■ WHAT THE EXERCISE ASKS ■
Please return the listing below word for word, minus its pictures.

■ GIVEN INFORMATION ■
----------
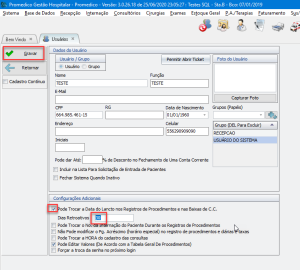 O administrador do sistema poderá adicionar ou retirar permissões específicas para os usuários, além daquelas já definidas através dos "papéis" (explicados anteriormente).
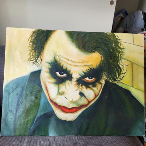 Tavla med akrylmålning föreställande Pennywise från filmen IT.Målad på pannå.Storlek 30x40 cm.
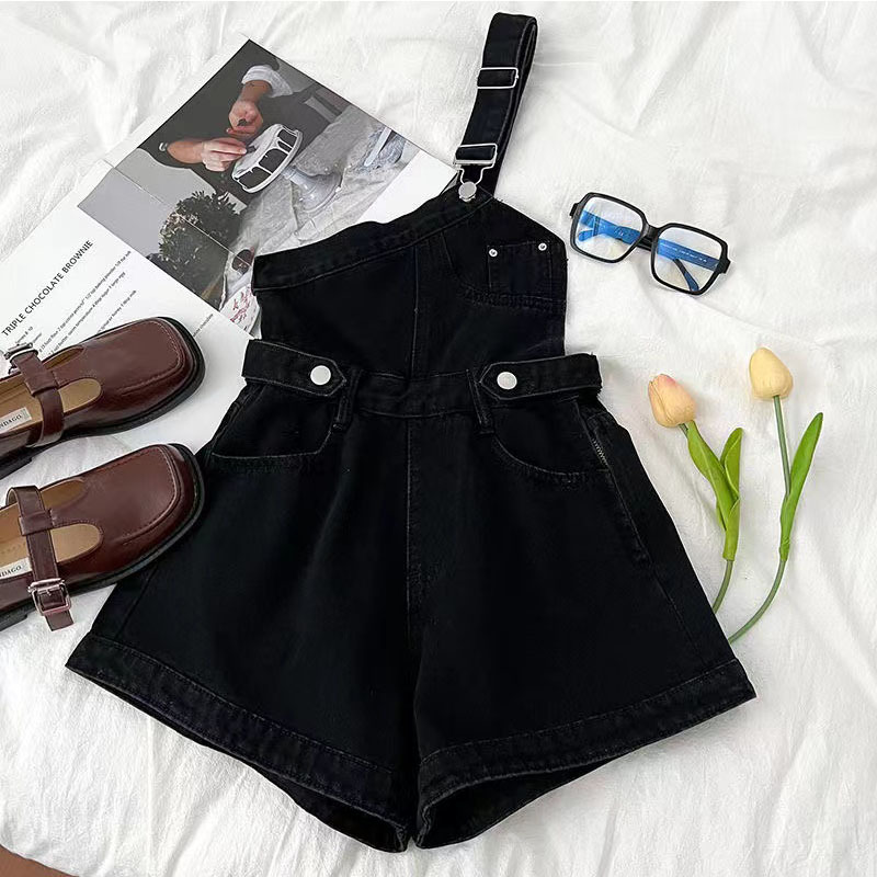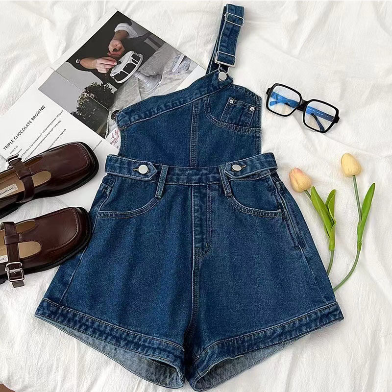 데님 서스펜더 바지 넓은 다리 바지 캐주얼 바지 여성용 작은 레트로 트렌디 패션 연령 감소 여성을위한 맞춤형 청바지스토어 가기
----------
■ SOLUTION FOR THIS TASK ■
 O administrador do sistema poderá adicionar ou retirar permissões específicas para os usuários, além daquelas já definidas através dos "papéis" (explicados anteriormente).
 Tavla med akrylmålning föreställande Pennywise från filmen IT.Målad på pannå.Storlek 30x40 cm.
 데님 서스펜더 바지 넓은 다리 바지 캐주얼 바지 여성용 작은 레트로 트렌디 패션 연령 감소 여성을위한 맞춤형 청바지스토어 가기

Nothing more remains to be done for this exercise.